In Hegeman Farms Corp. v. Baldwin, this Court sustained again the New York Milk Control Statute against the complaint that the price limits were arbitrary. A variation in prices to be charged the consumer between dealers who had and dealers who had not well advertised trade names was upheld.Summary of this case from U.S. v. Rock Royal Co-op
Argued October 8, 9, 1934. Decided November 5, 1934.
1. By orders issued under the New York Milk Control Statute dealers were required to pay producers of milk a minimum price per quart and were subject to higher minimum resale prices. Competition made it impossible for the dealer in this case to sell for more than the resale minimum, and the "spread" or difference between that and the minimum purchase price was not enough to cover the cost of its operations. Held that upon these facts only, with nothing to show the degree of efficiency with which its business was conducted, there is no ground to conclude that the price limits are arbitrary and therefore in violation of the due process clause of the Fourteenth Amendment. P. 170. 2. The Fourteenth Amendment does not protect a business against the hazards of competition. Public Service Comm'n v. Great Northern Utilities Co., 289 U.S. 130. P. 170. 3. One who complains that regulations promulgated under legislative authority by a state board are unreasonable and oppressive, should seek relief by resisting the regulations before that board or by applying to the board to modify them, before bringing suit. Petersen Baking Co. v. Bryan, 290 U.S. 570. P. 172. 6 F. Supp. 297, affirmed.
Mr. Leonard Acker, with whom Mr. Samuel Rubinton was on the brief, for appellant.
The orders are unconstitutional, since the prices fixed were such as to prevent plaintiff from earning a fair return on the present reasonable value of its properties less depreciation.
The operating costs of plaintiff are very reasonable and indicate a well managed and efficient business unit.
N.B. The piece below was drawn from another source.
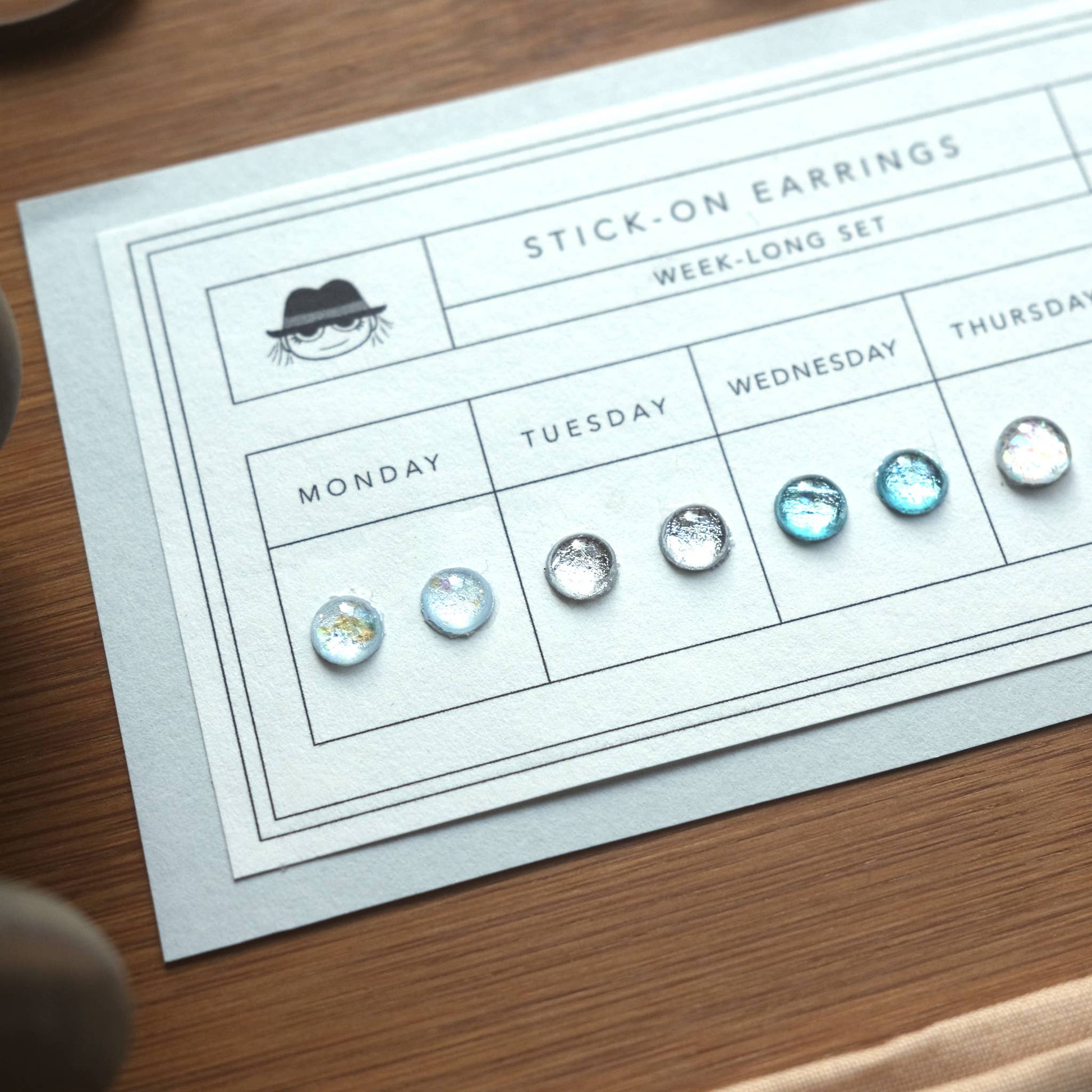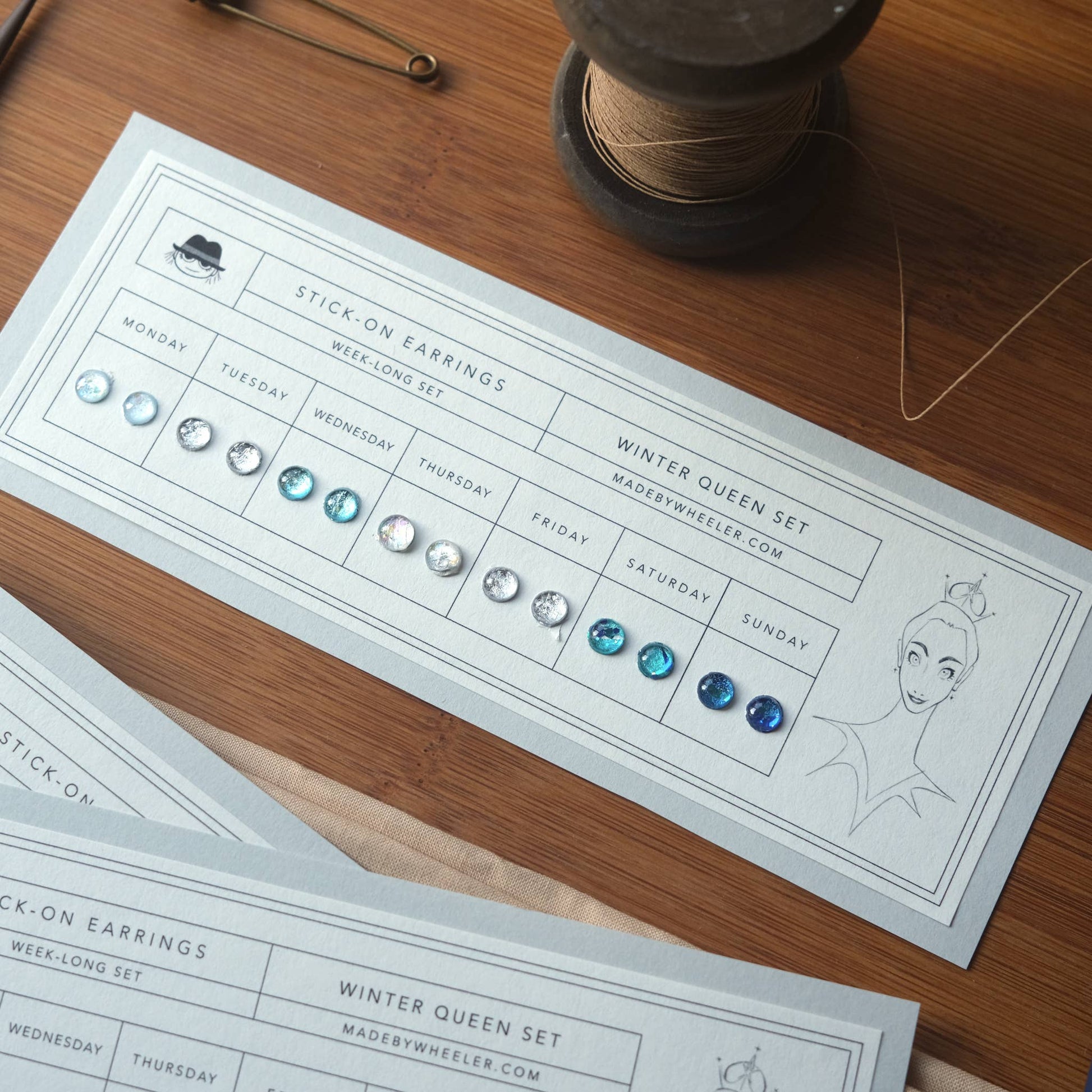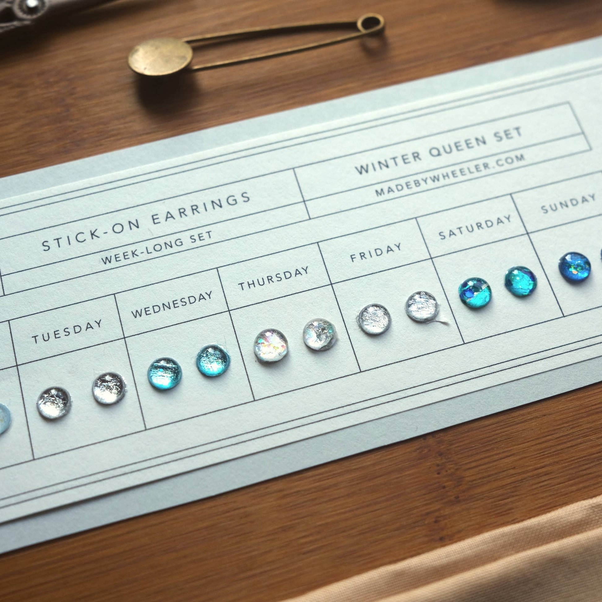 A flash back to the past, this Winter Queen Stick-On Earring set features a new color for each day of the week! Earrings are metallic-holographic and shimmer in the light, just peel and stick! Each stay on up to 24 hours. Since each item is handmade, please allow slight differences between orders. Items are all handmade in the USA by Made by Wheeler.

Theoretically plaintiff could sell its milk at any price, but actually competition fixed the designated "minimum" as the highest selling price. The "spread" between the purchase price fixed by defendants and the selling price which economic forces fixed at the minimum selling price designated by defendants is insufficient, as the District Court found, to afford to plaintiff a fair return. This, in principle, is exactly the situation in every "rate" case in which a rate is held unconstitutional.
The District Court took the view that this suit presented no more than the case of a milk dealer faced with competition, unable to sell its milk above the price fixed by that competition, and thus unable to earn a fair return. This view overlooks that the statute and defendants' orders took from plaintiff the power it previously possessed to bargain with milk producers as to the purchase price of milk.
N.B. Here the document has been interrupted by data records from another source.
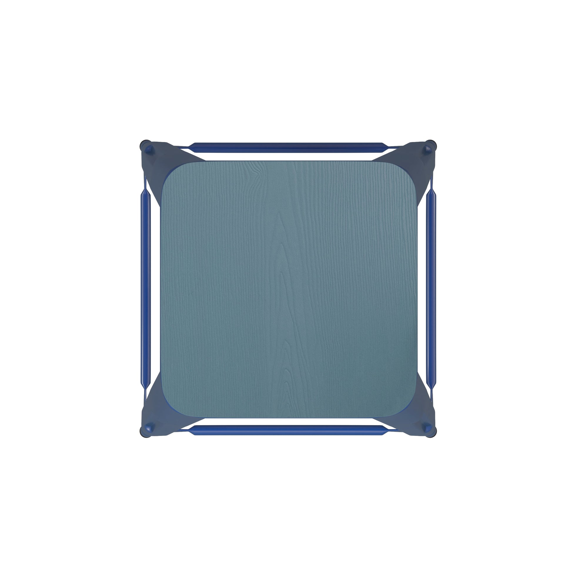 Kai Commercial Grade 24" High Backless Blue Metal Indoor-Outdoor Counter Height Stool with Teal-Blue Poly Resin Wood Seat Dimensions: 16"W x 16"D x 24.75"H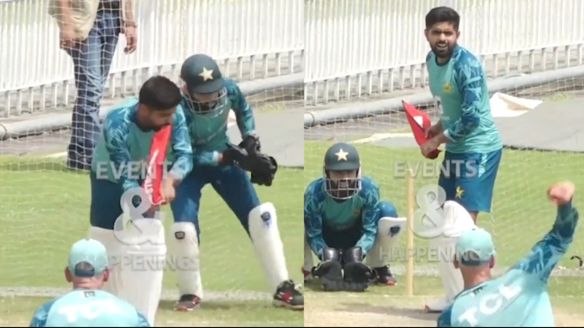 बाबर आजम का एक वीडियो सामने आया है, जिसमें वह बैट नहीं ब्लकि बैट के कवर से बैटिंग का अभ्यास कर रहे हैं। वीडियो में देखा जा सकता है कि खुद गैरी कस्टर्न नेट्स में उन्हें गेंदबाजी कर रहे हैं। विकेट के पीछे मोहम्मद रिजवान विकेटकीपिंग कर रहे हैं।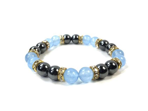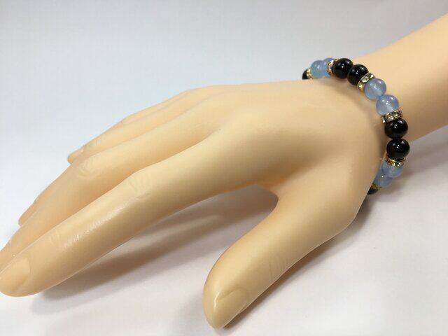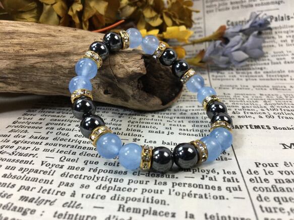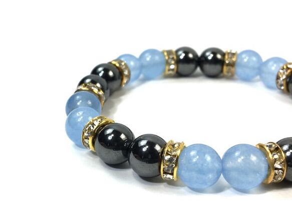 こちらは、8mm玉のジェイド(シーブルー)とヘマタイトを使用したパワーストーンブレスレットです。間にはロンデルを挟み高級感ある大人っぽいデザインに仕上がっています。サイズは内周約15cmです。気になる方は是非この機会にどうぞ。

It is the ordinary business risk for a vendor to be unable to make a fair return by reason of competition alone and to be forced out of business; but it is an altogether different proposition for the State to intervene and by means of price regulation prevent the vendor from making a fair return and to destroy his business.
The effect of defendants' orders is to force out of business the small dealers and to leave the field to a few large companies, and this result will frustrate the very purpose of the statute.
A State may not properly impose confiscatory rates merely because they will not destroy the entire industry, but will eventually lead to a monopolistic control of the market and a higher price to the ultimate consumer.
The primary purpose of the statute, under which defendants issued their orders, is the protection of the dairy farmers of New York. The resultant monopoly of distribution in the hands of a few large companies will tend to destroy large numbers of milk producers.
A statute is valid only if "the means selected shall have a real and substantial relation to the object sought to be attained." Nebbia v. New York, 291 U.S. 502; Adair v. United States, 208 U.S. 161. This rule should apply equally to administrative orders issued under a statute.
No fair analogy is presented between health measures and defendants' confiscatory price-fixing orders.
In testing the validity of a measure which regulates the use of private property, it is the degree of regulation which is the important consideration and not the solitary factor that the law is a regulatory one. Pennsylvania Coal Co. v. Mahon, 260 U.S. 393, 415. Even the usual zoning law has been treated as invalid in its application to a particular owner when its operation is such as to deprive such owner of all beneficial use of his property. Eaton v. Sweeney, 257 N.Y. 176; Dowsey v. Kensington, 257 N.Y. 221.
In every case in which a State is allowed to fix the rates which may be charged for a commodity or a service, the underlying theory is that such fixation of rates is a part of the police power of the State. Union Dry Goods Co. v. Public Service Comm'n, 248 U.S. 372, 375; German Alliance Ins. Co. v. Kansas, 233 U.S. 389.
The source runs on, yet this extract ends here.